En effet, c’est par moments assez pédagogique…


J’explique aux lecteurs pourquoi Marie, Meriem, Myriam et Gabriel réagissent de cette façon. Pourquoi leurs réactions ­varient avec les attentats. Forcément, leur origine et leur histoire personnelle éclairent les lecteurs.


 


Les prénoms de vos trois personnages féminins représentent symboliquement les trois religions monothéistes. J’imagine que ce n’est pas un hasard…
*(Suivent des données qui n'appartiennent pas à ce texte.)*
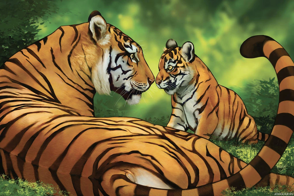 На картинке изображены два тигра, один взрослый и один детеныш, лежащие близко друг к другу в естественной обстановке. Это скорее художественная или реалистичная иллюстрация, чем фотография, поскольку детали слишком четкие для изображения такого типа. Эта безмятежная сцена демонстрирует тесную связь между взрослым тигром и его потомством.
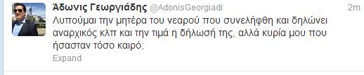 “Λυπούμαι τη μητέρα του νεαρού που συνελήφθη και δηλώνει αναρχικός, αλλά”, σχολιάζει στο twitter ο Άδωνις Γεωργιάδης.
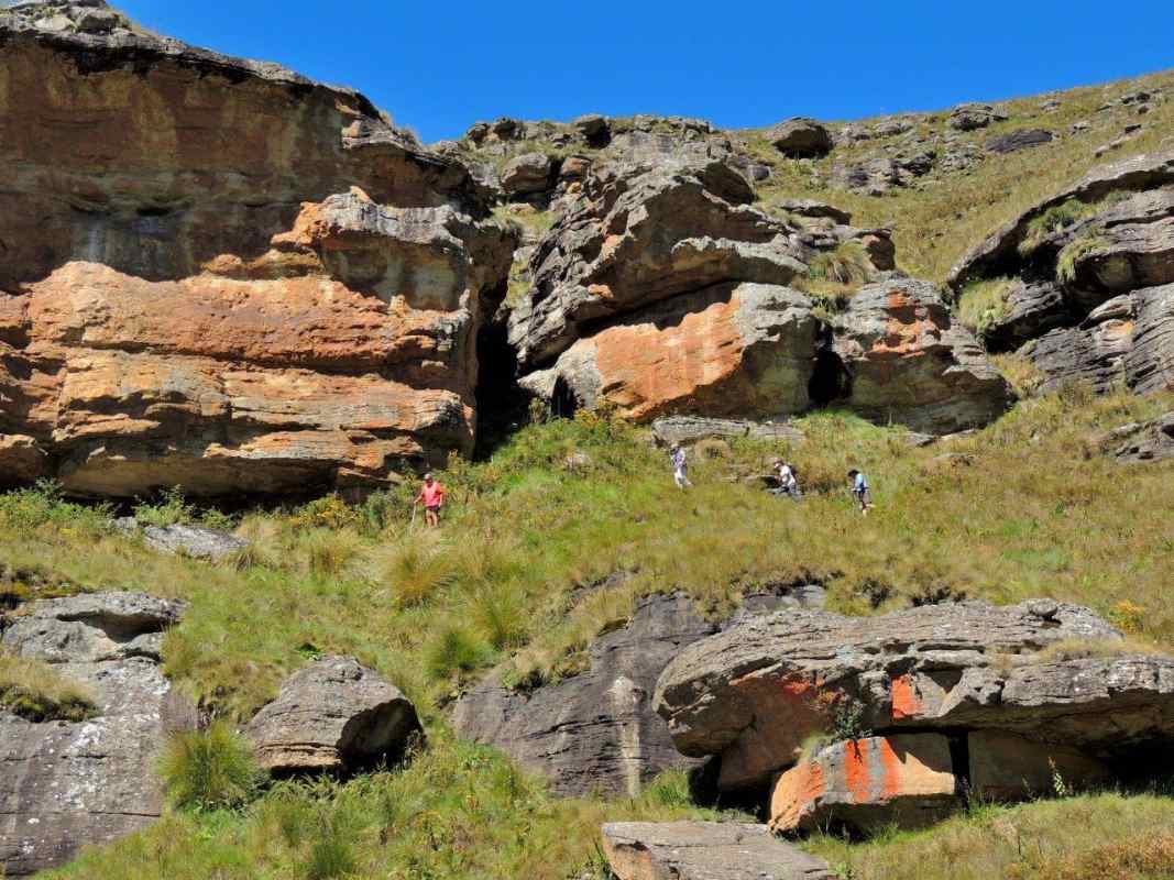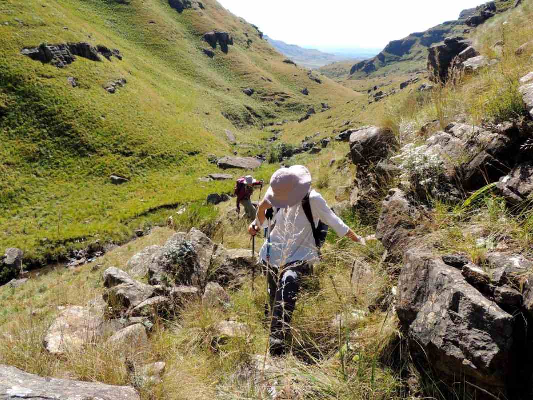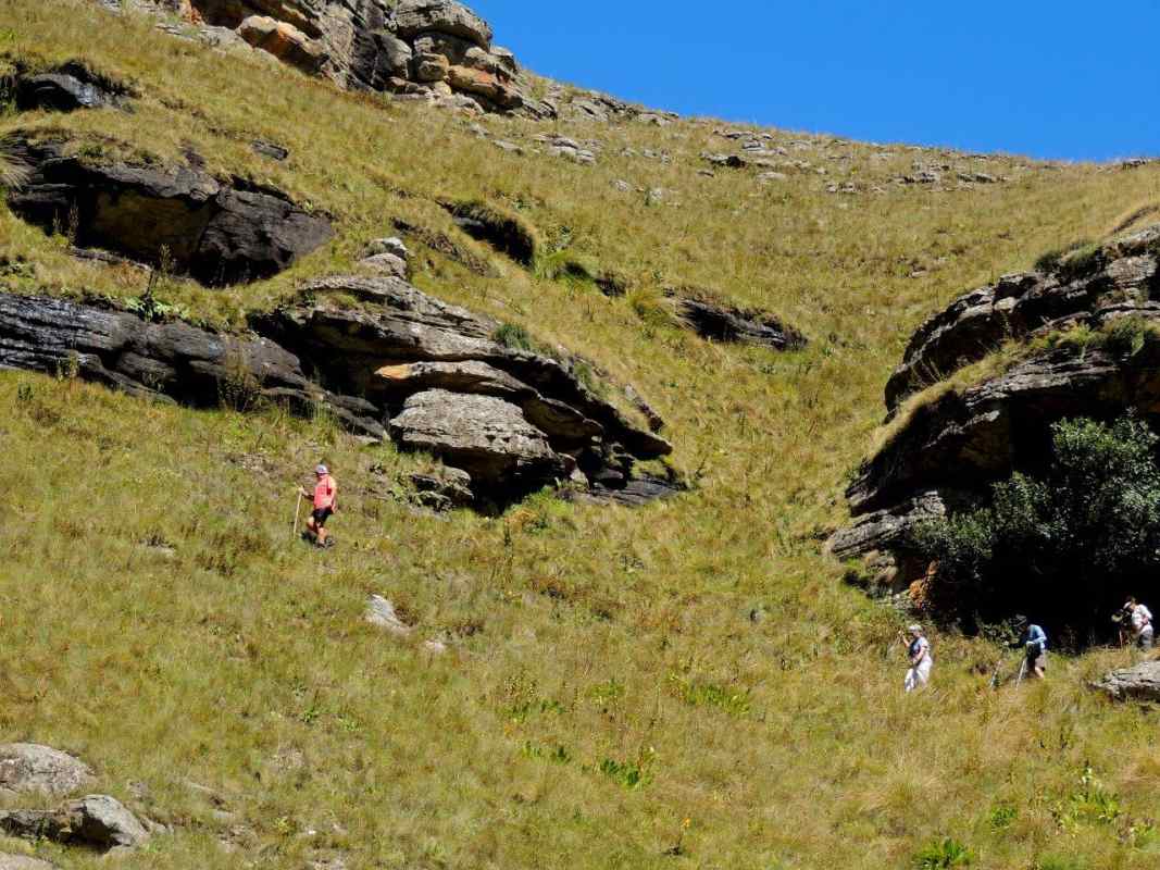 ![]() After lunch we left our lunch spot and took ourselves down the valley again. This time it was a bit easier and faster as we could follow our raggedy path which we made on the way up. With the hot weather, poor path, hard hiking, we were glad to get back to the car park. My thanks and congratulations to my hiking buddies for sharing this day together, and for helping me during the day. It was a hard lesson for me, no more hiking in my old "no where land" until the winter burning season has opened up the old paths again. A BIG WARNING to all hikers. Winter is coming fast, the grass is very long and dense, it will burn with a great amount of heat and ferociousness, DO NOT under any circumstances light any fires for whatever reason. Striking a match could have catastrophic consequences. Hike with care. Fill in the walking register properly, if a fire stars the authorities can know who is or might be in danger. Sign OUT when you get back. See our last visit to these caves under better circumstances: MHC Newsletter - Kamberg, 3 Caves, 18 August 2019 |
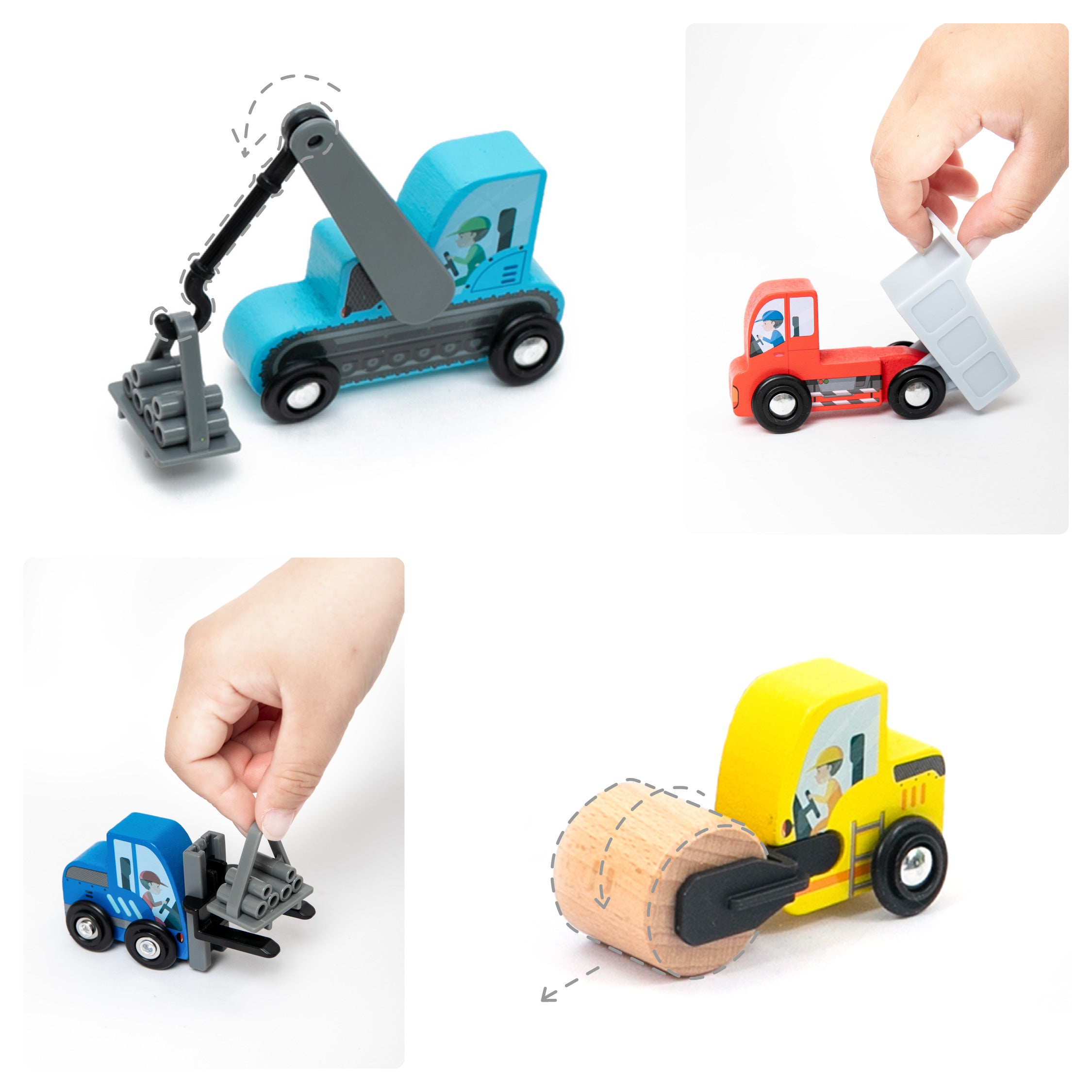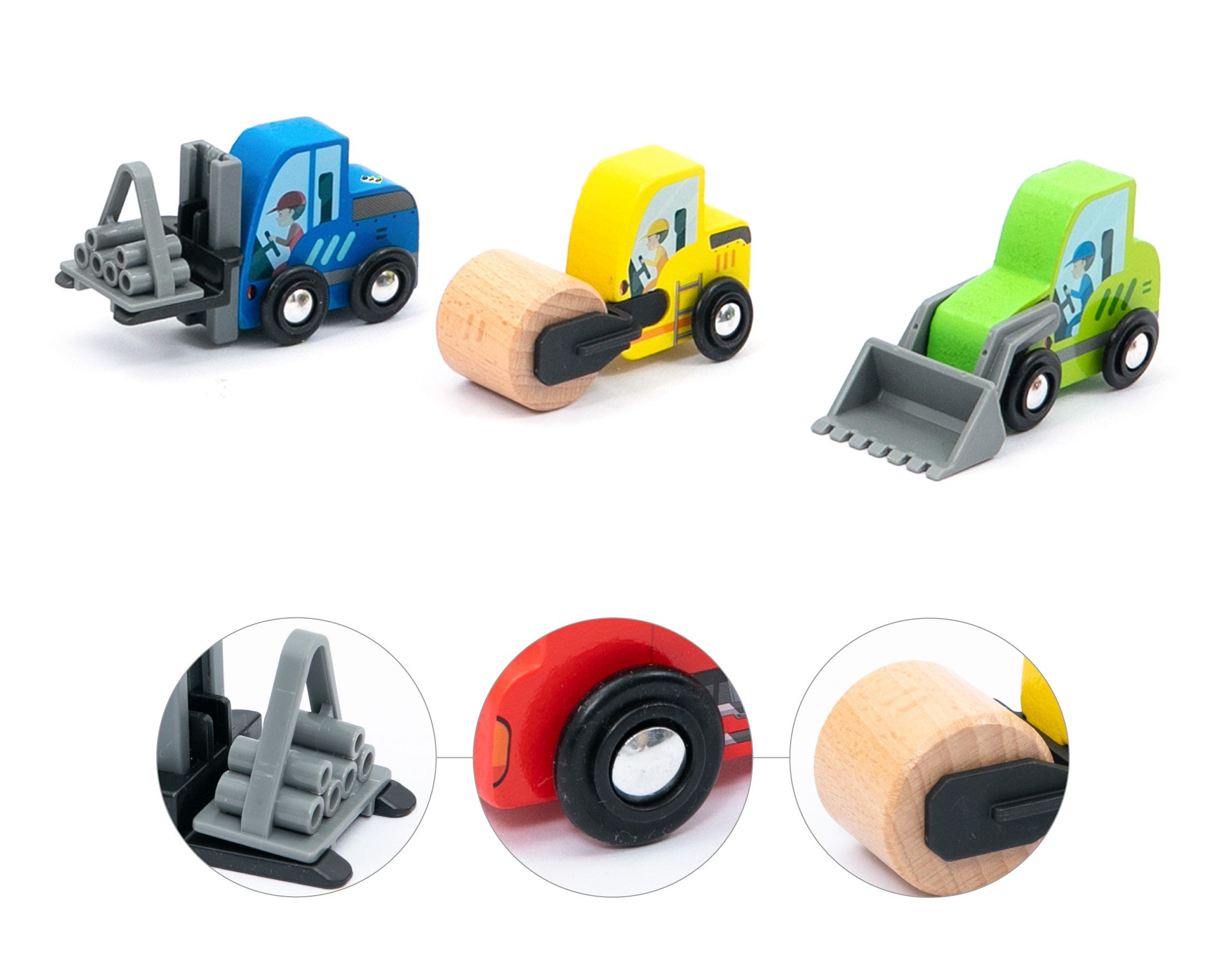 Das Set ist kompatibel mit Brio World Eisenbahn, Eichhorn Schienenbahn und anderen herkömmlichen Eisenbahnen. Die meisten Fahrzeuge haben bewegliche Arme oder andere bewegliche Teile. Zum Beispiel: Ein Gabelstapler kann eine Ladung Rohre aufnehmen und anheben, ein kleiner Kran kann diese Ladung ebenfalls transportieren usw.

Elles sont en effet croyantes : la première est chrétienne, la deuxième musulmane, la troisième juive. Gabriel, c’est plutôt un clin d’œil, puisque lui n’est pas croyant. Oui, il y a une symbolique autour des noms : on est au Moyen-Orient, on est dans le monde arabo-musulman. Le personnage masculin, Gabriel Djibril, porte lui aussi un nom chargé d’histoire. D’ailleurs, Djibril s’est imposé tout seul. C’est une grande famille palestinienne. Si vous allez au Liban ou en Palestine, vous rencontrerez forcément un Djibril à peu près toutes les deux heures…


 


Et Djibril est la traduction en arabe de Gabriel…


Oui, je me suis fait plaisir. Les lecteurs ne sont pas ­insensibles à ces ­petits clins d’œil. J’ai eu quelques retours amusés. Par exemple, Marie est née à Lorient. A l’oral, on peut entendre l’Orient. 


 



MARIE, MERIEM, MYRIAM d’Adil Jazouli, éd. La Boîte à Pandore, 328 p., 21 €.